TSE:9684 Earnings and Revenue Growth November 11th 2024

Taking into account the latest results, the current consensus, from the 13 analysts covering Square Enix Holdings, is for revenues of JP¥325.2b in 2025. This implies a discernible 4.9% reduction in Square Enix Holdings' revenue over the past 12 months. Per-share earnings are expected to soar 218% to JP¥266. In the lead-up to this report, the analysts had been modelling revenues of JP¥323.1b and earnings per share (EPS) of JP¥276 in 2025. So it looks like there's been a small decline in overall sentiment after the recent results - there's been no major change to revenue estimates, but the analysts did make a small dip in their earnings per share forecasts.

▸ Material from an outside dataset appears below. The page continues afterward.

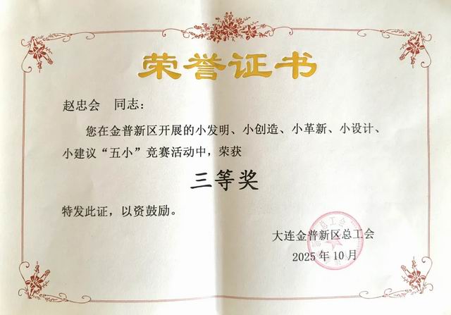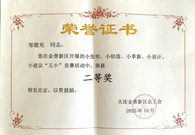 【直报网北京10月23日讯】(双迪)近日,从金普新区总工会传来喜讯,大连双迪科技股份有限公司(以下简称为:双迪股份)在2025年度“五小”创新成果评选活动中表现卓越,申报的四项成果全部获奖。其中设备管理部邹德充获二等奖,生产部赵忠会获三等奖,设备管理部姜龙章、研发二部车虹昌获优秀奖。本年度共吸引了来自50家基层单位的564项成果参与“五小”角逐,能够脱颖而出充分彰显了双迪公司在群众性技术创新领域的雄厚实力。 ![]() 设备管理部邹德充荣获“五小”竞赛二等奖 ![]() 生产部赵忠会荣获“五小”竞赛三等奖 ![]() 设备管理部姜龙章荣获“五小”竞赛优秀奖 ![]() 研发二部车虹昌荣获“五小”竞赛优秀奖 所谓“五小”,即指围绕企业生产经营中的实际问题开展的“小发明、小创造、小革新、小设计、小建议” 活动。这些看似微小的创新举措,却能产生远超预期的实际效益,是激发企业员工创新潜能、推动技术进步和降本增效的重要平台。本次双迪股份获奖的成果涵盖了生产经营过程中多个关键领域,申报课题均来自一线员工在日常工作中的智慧结晶与实践探索。来自生产一线的智慧火花,正汇聚成推动企业高质量发展的璀璨星河。 此次多项“五小”成果的获奖,是双迪股份长期坚持创新驱动发展战略的缩影。这些源自实践、用于实践的创新项目,不仅直接带来了经济效益和管理效率的提升,更在公司内部营造了“人人皆可创新、处处皆有创新”的浓厚文化氛围,为企业的高质量发展注入了源源不断的内生动力。

The consensus price target held steady at JP¥5,735, with the analysts seemingly voting that their lower forecast earnings are not expected to lead to a lower stock price in the foreseeable future. There's another way to think about price targets though, and that's to look at the range of price targets put forward by analysts, because a wide range of estimates could suggest a diverse view on possible outcomes for the business. There are some variant perceptions on Square Enix Holdings, with the most bullish analyst valuing it at JP¥7,000 and the most bearish at JP¥4,460 per share. This shows there is still a bit of diversity in estimates, but analysts don't appear to be totally split on the stock as though it might be a success or failure situation.

Of course, another way to look at these forecasts is to place them into context against the industry itself. We would highlight that revenue is expected to reverse, with a forecast 9.5% annualised decline to the end of 2025. That is a notable change from historical growth of 4.4% over the last five years. Compare this with our data, which suggests that other companies in the same industry are, in aggregate, expected to see their revenue grow 9.6% per year. So although its revenues are forecast to shrink, this cloud does not come with a silver lining - Square Enix Holdings is expected to lag the wider industry.

The Bottom Line

The most important thing to take away is that the analysts downgraded their earnings per share estimates, showing that there has been a clear decline in sentiment following these results. Fortunately, the analysts also reconfirmed their revenue estimates, suggesting that it's tracking in line with expectations. Although our data does suggest that Square Enix Holdings' revenue is expected to perform worse than the wider industry. There was no real change to the consensus price target, suggesting that the intrinsic value of the business has not undergone any major changes with the latest estimates.

With that in mind, we wouldn't be too quick to come to a conclusion on Square Enix Holdings. Long-term earnings power is much more important than next year's profits. We have forecasts for Square Enix Holdings going out to 2027, and you can see them free on our platform here.

However, before you get too enthused, we've discovered 2 warning signs for Square Enix Holdings that you should be aware of.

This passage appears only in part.